The design of data production frameworks, which supports the end-user analyst needs, must focus on four key features:

  1. Performance – The typical performance indicator is the turnaround time required to run the entire processing chain when new requirements or data are introduced. Runtime is limited by transfer of data, loading of data between successive stages (or even succesive pipelines), and conversion between various formats to be used across fragmented systems. The software must minimize the number of read/write operations on data and process as much in memory as possible. Distinct stages should be modular, such that changes in stages can be rerun quickly.

  2. Maintainability – Modular software with a clear separation between algorithmic code and configuration facilitate introduction of new code which can be integrated without affecting existing processes through configuration. Modular code also enforces code structure and encourages re-use. Common data format separates the I/O and deserialization from the algorithmic code, and provide computing recipes and boiler-plate code structure to introduce new processes into the system.

  3. Reliability – The system is built on well-maintained, open-source libraries with design features to easily introduce existing libraries for common analysis routines.

  4. Flexibility – Re-use of common processes is faciliated through configurable algorithmic code. Use of a common in-memory data format simplify introducing new features, quantities and data structures into the datasets.

Platform Components

The Artemis prototype framework leverages the Apache Arrow development platform capability, and focuses on data processing and analysis in a collaborative and reproducible manner. The front-end agnostic Arrow API allows us to define a data model to manage the sharing of tabular data across sequences of algorithms, which describe various (sometimes disparate) business processes in a single, in-memory, data processing job. The algorithms describe various business processes for the same dataset, and the algorithms can be re-used for different datasets with common pre-processing and processing requirements. Assumptions set forth for Artemis are derived from event-based data processing frameworks from high-energy physics. Therefore, many design choices have been adopted from large-scale data processing systems used in the HEP community, which until recently, have been able to scale to the processing Petabytes of data per year.

Artemis framework design features

  • Metadata management - seperation of algorithmic code and configuration.

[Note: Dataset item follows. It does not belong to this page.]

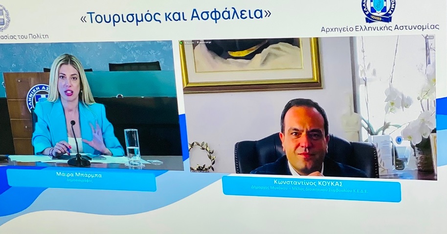 Ο Δήμαρχος Μυκόνου και μέλος του ΔΣ της Κεντρικής Ένωσης Δήμων Ελλάδας και Αντιπρόεδρος στο Κογκρέσο Τοπικών και Περιφερειακών αρχών της Ευρώπης, Κωνσταντίνος Κουκάς, εκπροσώπησε την ΚΕΔΕ στην διαδικτυακή ημερίδα που οργάνωσε σήμερα, το Υπουργείο Προστασίας του Πολίτη και το Αρχηγείο της Ελληνικής Αστυνομίας με θέμα «Τουρισμός και Ασφάλεια».

  • Performance - seperation of I/O from data processing managed at the framework level to minimize read/write.

  • Reliability - State machine for job control flow and global steering of data pipeline algorithms.

  • Reproduciblity - in-memory provenance of data transformations.

  • Flexibility - modular code design to faciliate code re-use, simplify testing and development.

  • Automation - automatic collection of processing metrics.

  • Configuration - user-defined histograms and data tables.